Retirement Architects Weekly Market Review: December 19th, 2025
Weekly Market Report: December 19th, 2025
Equity markets took in a full calendar of economic reports to kick off Santa Claus rally season last week, struggling early but rallying toward the week’s end. Markets enjoyed a revival in AI momentum while non-U.S. developed and emerging markets dealt with a strengthening dollar to close the week down 1%. Bond yields and commodity markets both fell slightly on the week with oil prices closing down 1.4% to $56.66/barrel.
Financial Market Highlights
- U.S. equity markets remained buoyant entering Santa Claus rally season with positive AI sentiment combining with economic reports feeding into the Fed accommodation narrative.
- The S&P 500 stands a mere 1.24% below its record high but bond yields have been more stubborn than expected despite Fed rate cuts, falling inflation, and little financial stress. A simple OLS model from Bianco Research suggests 10yr yields should be closer to 3.22%, not 4.15%.
Economic Highlights
- A busy economic calendar last week brought indications of cooling inflation, retail sales, and labor markets, offset by expansionary readings from PMI surveys.

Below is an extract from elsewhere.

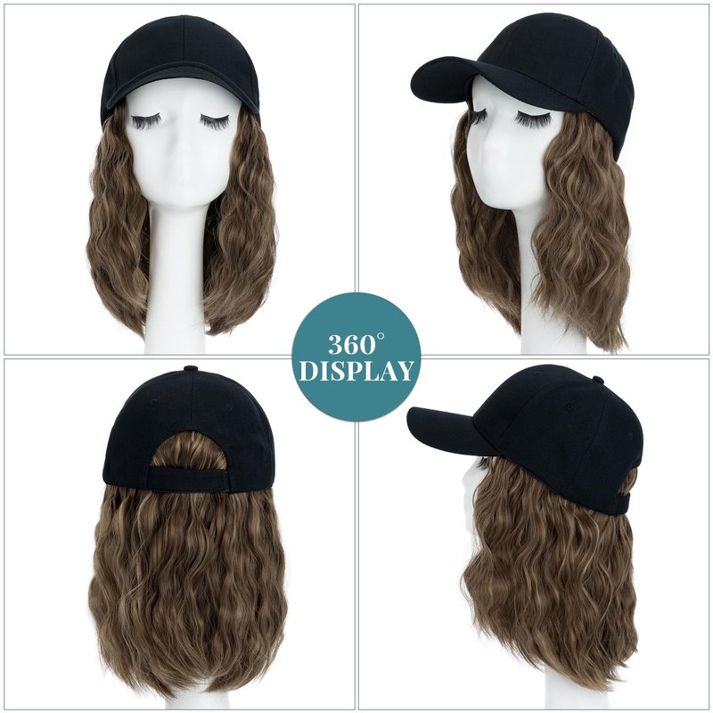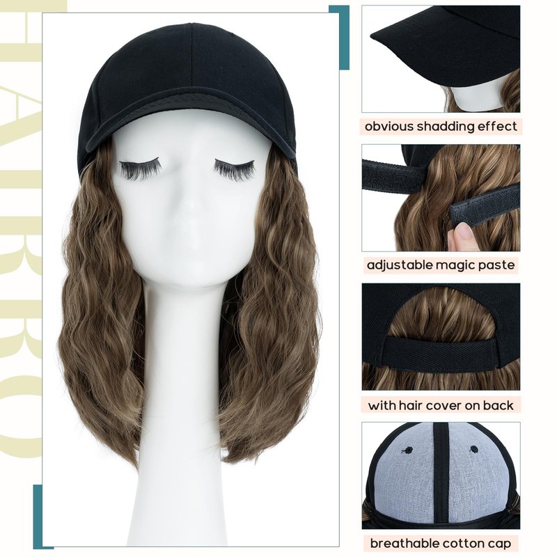 - ★ Hairro baseball cap with hair attached for women, cute short bob style with wavy texture hair,looks fuller and buncy. Made with high quality synthetic fiber, comfortable and silky soft, as natural as human hair

Bullish Asset Allocation Narratives
- Strong consumption with ample room for the consumer to re-lever and market related wealth effects.
- Growth conducive policies including an incrementally less restrictive Fed, OBBB fiscal stimulus, and business friendly deregulation.
- Robust U.S. corporate earnings growth, profit margins, and forward guidance.
- An AI boom including substantial capex and longer-term productivity gains/earnings potential.
Bearish Asset Allocation Narratives
- Risks to consumption due to lower/middle class price fatigue (cumulative inflation), higher interest rates (sluggish housing market), and slowing labor markets.
- Reliance on AI stock momentum, questionable circular AI transactions, unknown AI monetization potential, and a transition to debt financed capital spending and asset intensive business models.
- Tariff and immigration policies introducing longer-term structural headwinds on aggregate demand, trade, and hiring alongside shorter-term goods inflation and sectoral level labor inflation.
- Fed policy mistake of being too restrictive (or accommodative) given labor and inflation dynamics.
- Fading U.S. fiscal thrust beyond Q3’26 with constraints on continuing elevated deficit spending.